Meskipun dia tidak memiliki kualifikasi, dia punya menutupi kekurangannya dengan keterampilan seni bela diri yang diperoleh melalui kerja keras.

Tapi hanya itu. Sementara itu, saya menandatangani kontrak dengan Soul Beast, yang merupakan keinginan seumur hidup saya, dan kali ini saya memperoleh dua esensi…

Salah satunya adalah bahkan itu adalah seorang penjaga…

‘Jika kamu menggabungkan itu dengan kombinasi sinergi… Faktanya, bisa dikatakan bahwa aku menjadi beberapa kali lebih kuat…’

Aku dengan tenang melihatnya dari sudut pandang seorang gamer. .Aku memutuskan bahwa

dengan kekuatan kita berdua, kita bisa berhasil berburu…

Tapi tidak perlu menjelaskan ini secara detail…

Karena orang barbar memiliki teknik bicara yang cocok untuknya…

“Misha, percayalah padaku … ”

“Jika kamu berkata begitu… Bahkan jika kamu tidak menyukainya, “Kamu tidak bisa melakukannya…” ”

Kalau begitu, itu sudah cukup…”

Kurasa aku mendapat persetujuan Misha. Setelah itu, Saya terus mencari di area sekitar…

Deathfiend, Chimera Wolf, Ghoul Lord, dll…

Saya memperluas radius pencarian dengan membunuh semua monster level 8 yang bisa saya lihat…

Dan… ·

“Saya kira saya harus selesaikan hari ini dan pergi berkemah·”

Hari ke-5 berakhir tanpa hasil apa pun·

Keesokan harinya, hari ke-6, juga sama·

[22:40]

Tinggal satu jam lagi sampai hari ke-7 dimulai·

Aku menghela nafas panjang. Dia meludah ·

‘Saya tidak menyangka bahwa saya tidak akan menemukannya selama lebih dari dua hari…’

Ketika labirin baru dibuka, sebuah batu nisan dibuat secara acak di titik tertentu di Tanah Orang Mati · Dan ketika hari ke 7 dimulai, Death Knight dipanggil ·

Artinya, Jika kamu menemukan batu nisan, kamu dapat dengan mudah bertemu Death Knight dengan menunggu di depannya…

Tapi…

‘Jika aku melakukan itu, maka.. .’

Aku berjalan cepat, berburu selama dua hari, tapi aku bahkan tidak bisa menemukan remah batu nisan…
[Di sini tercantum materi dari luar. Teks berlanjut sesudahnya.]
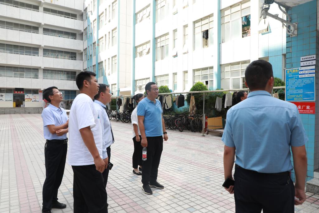 为深入贯彻落实全省教育系统 2023 年秋季学期开学工作部署会上的讲话精神,扎实做好学校新学期开学各项准备工作,确保学校顺利开学和师生健康安全,按照校长的指示要求,8月22日下午,我校党委委员、副校长赵军深入校园一线,实地走访调研,检查指导开学和迎新各项准备工作,后勤处、保卫处、学生处、人事处、基建处等部门及物管公司负责人陪同检查。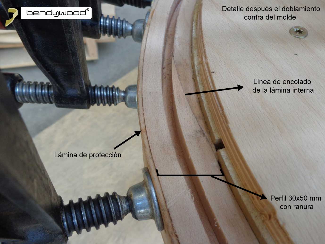 El radio de doblamiento de 25 cm está demasiado estrecho para poder doblar un perfil con espesor de 30 mm. El Bendywood® se puede doblar únicamente hasta 20 veces su espesor, entonces un espesor de 30 mm se dobla hasta un radio de 60 cm. Para poder doblar hasta un radio de 25 cm, se tiene que seccionar el perfil en 3 láminas con espesor 10 mm.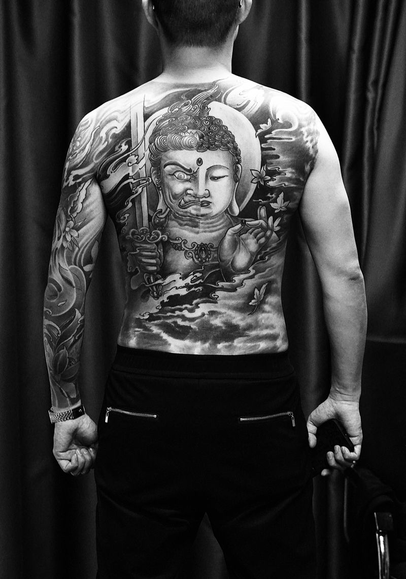 【善恶】纹身图片_背部新传统不动明王佛纹身图案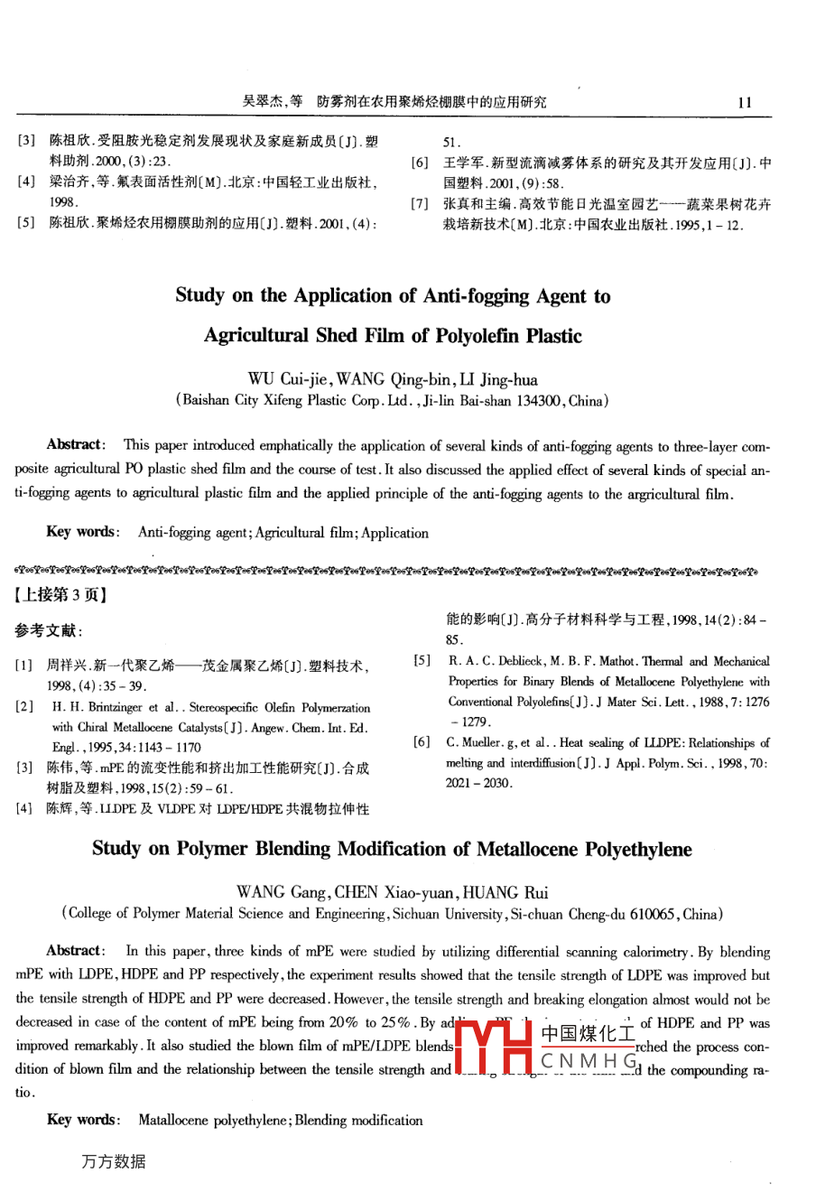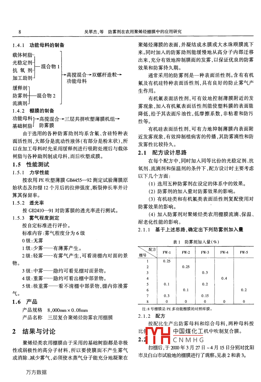 防雾剂在农用聚烯烃棚膜中的应用研究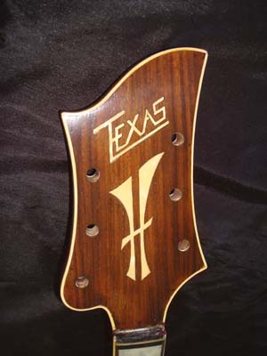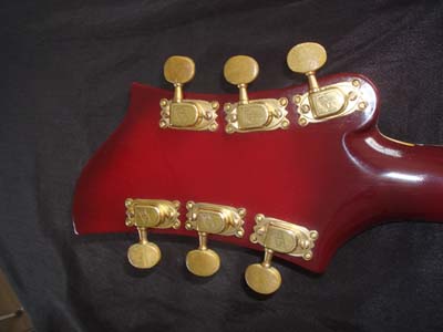 (photo de dessus). Cette guitare, qui porte un logo script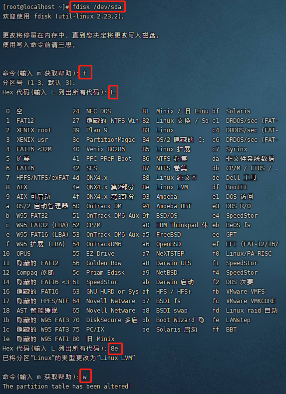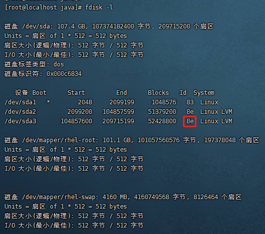 fdisk -l 看到/dev/sda3的Id号为83,我们要将其改成8e(LVM卷文件系统的Id),具体方法同上根上部中的磁盘分区大同小异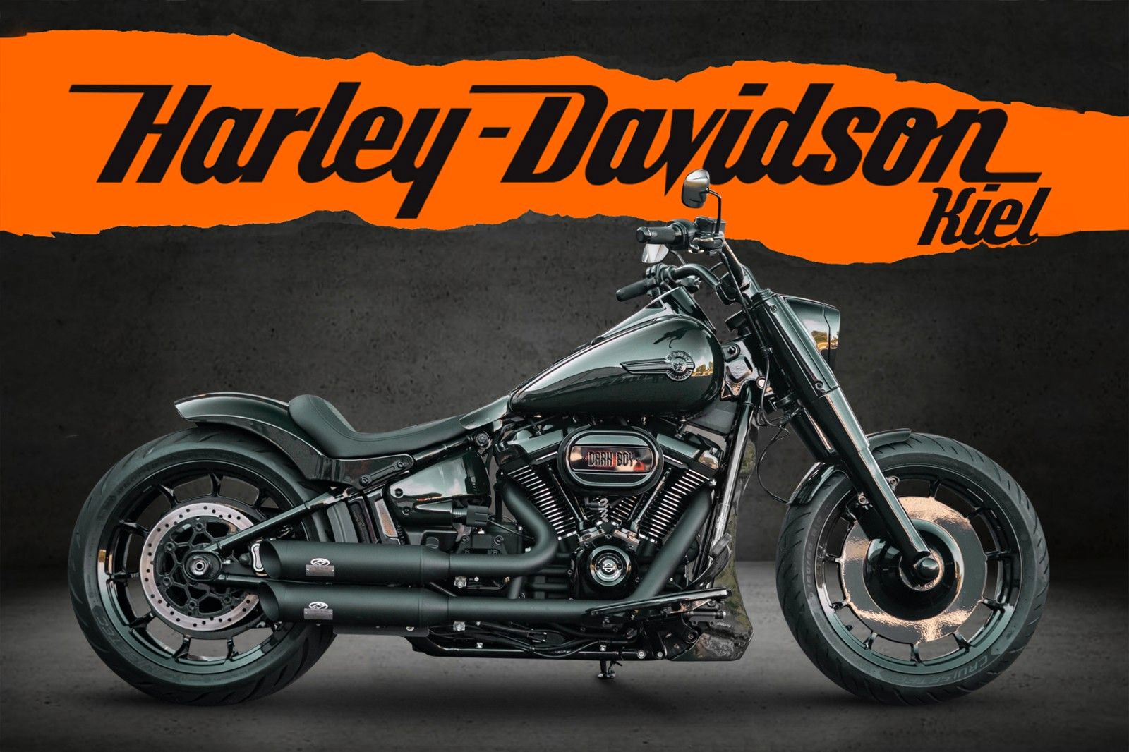 Die Ikone der Fat-Custom-Szene. Mit wuchtiger Präsenz und dominanter Attitüde. Nach wie vor ist die Fat Boy 114 eines der optisch beeindruckendsten Bikes im Harley-Davidson-Portfolio. Dieser herausragende Harley-Kiel Umbau macht die Fat Boy zu einem richtigen Dark Fat Boy! In Puncto Ausstattung, Lackierarbeiten und Performance haben wir hier sämtliche Register gezogen und eine Ikone zur Legende gemacht. Exklusive Features des Dark Fat Boy Harley-Kiel Umbaus: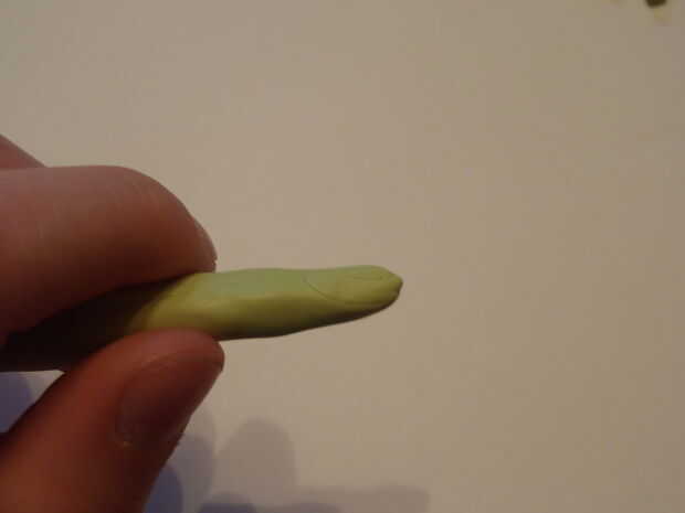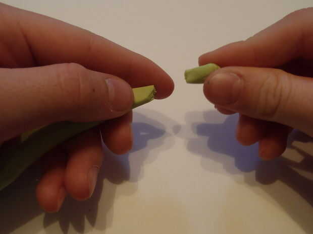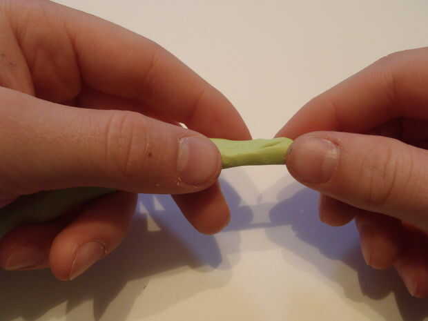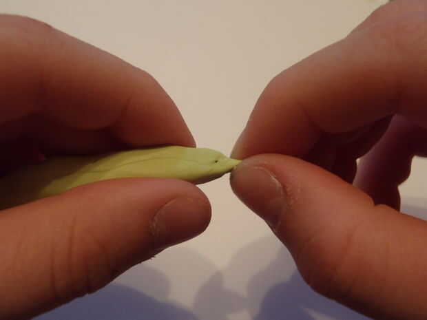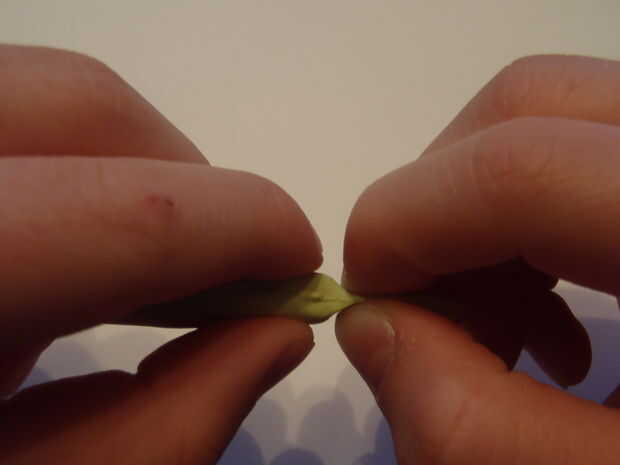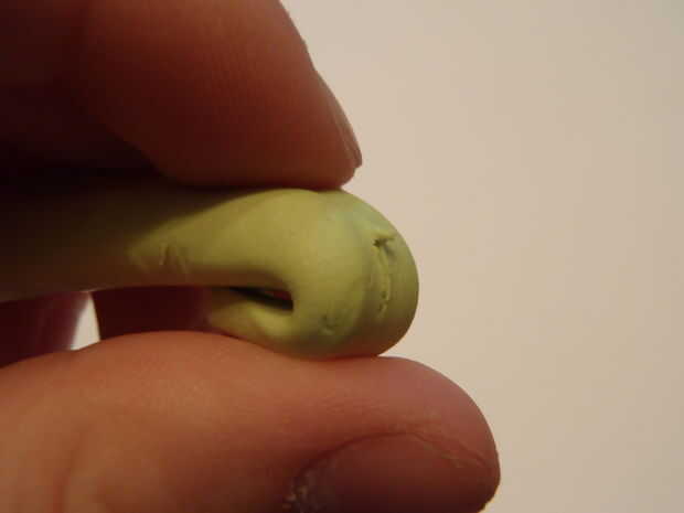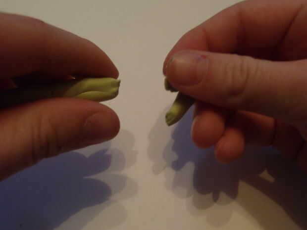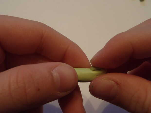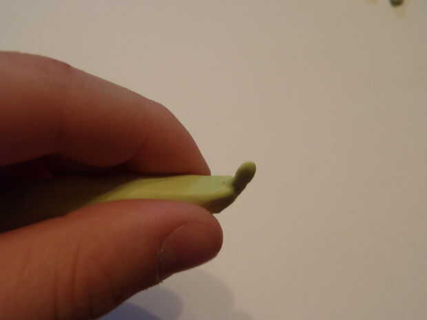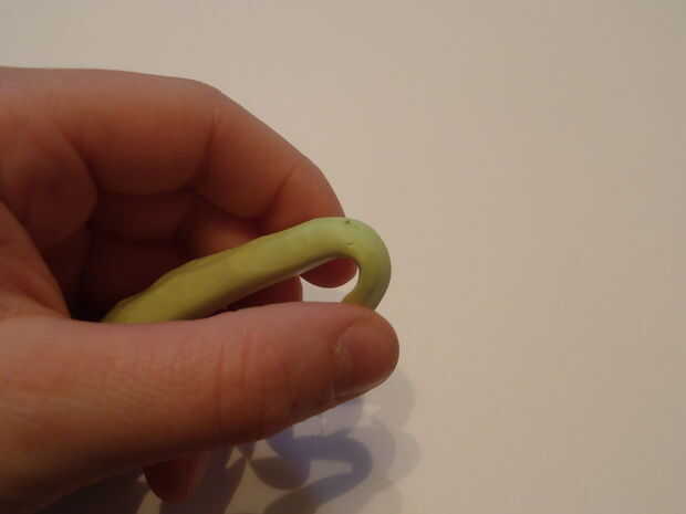 Con la serpiente como pieza de sculpey, saque una pequeña sección de la parte superior, asegurándose de no revelar el cable. Después de eso, doble sobre una pequeña porción de la arcilla, revela el cable. Ello, para que sepas dónde dejar al sacar al final de la arcilla. Ahora que sabe donde comienza el cable, enderezar la arcilla hacia fuera y quitar el sculpey, asegurándose de que el cable está casi empujando hacia fuera. Apriete alrededor de la punta del alambre por lo que se trata de un punto. Doblar la aleta sculpey sobre el alambre, por lo que una vez más se esconde. Ahora, suavizar el sculpey para que no se vean costuras. Lo mismo al otro lado.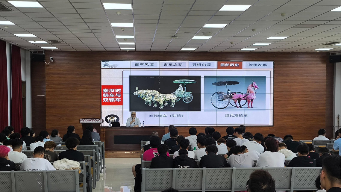 6月5日,汽车工程学院邀请非遗古车模型制作技艺大师卢伟以“中国行走工业的起点”为题开展讲座,带领师生从商周青铜车马的铿锵回响,走进新中国第一辆汽车的轰鸣。汽车工程学院副院长李文博、汽车设计教研室主任郑涛及全体教师,工业设计专业、汽车造型与改装技术专业200余名师生共同聆听了这场融合历史厚度与现代温度的讲座。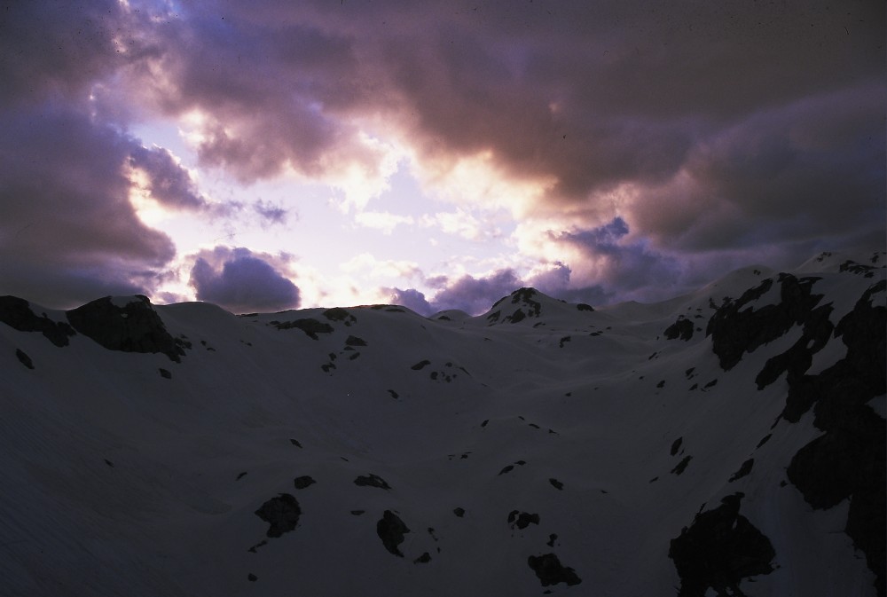 Večer pod Debelim vrhom. Pogled proti najvišjemu Vršaku.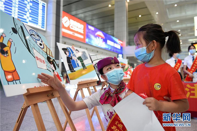 5月25日,在重慶北站北廣場(chǎng)候車廳,鐵路工作人員向小朋友宣講鐵路安全知識(shí)和疫情防控知識(shí)。新華社記者 唐奕 攝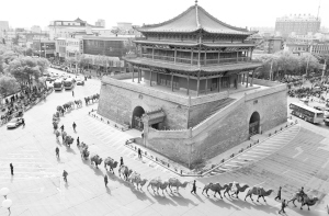 5月5日,由136峰駱駝組成的茶商駝隊(duì)從甘肅張掖鐘鼓樓前走過。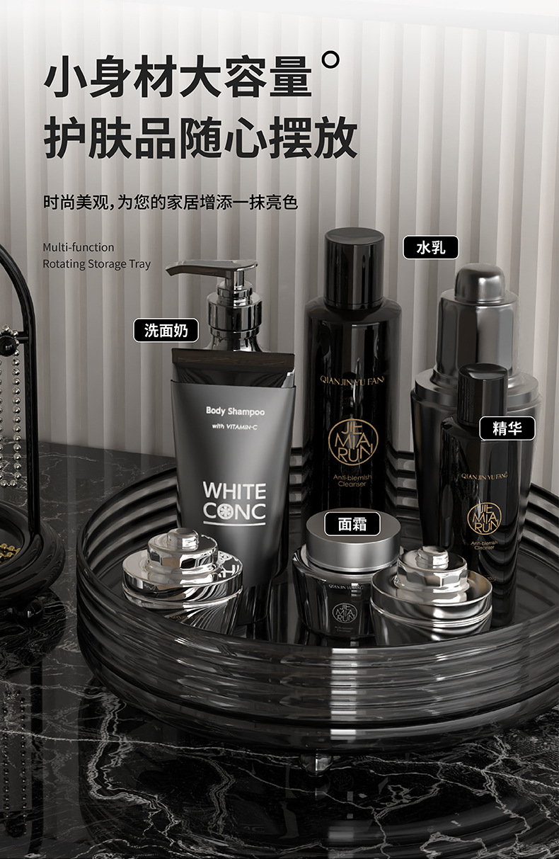 데스크탑 회전식 보관함 360 ° 회전식 수납 선반 주방 조미료 선반 화장품 트레이 수납 선반

Itu adalah situasi yang tidak terduga.

Tidak peduli seberapa besar lantai dua, bukankah perlu mencarinya? hanya area level 8, bukan seluruh lantai dua?

Aku memutuskan bahwa dua hari

akan cukup untuk menemukannya. ‘Haruskah aku menyerah saja pada Death Knight?’

Saat aku sedang memuaskan nafsu makanku dan merasa usaha dua hari terakhir ini sia-sia, Misha muncul di sampingku.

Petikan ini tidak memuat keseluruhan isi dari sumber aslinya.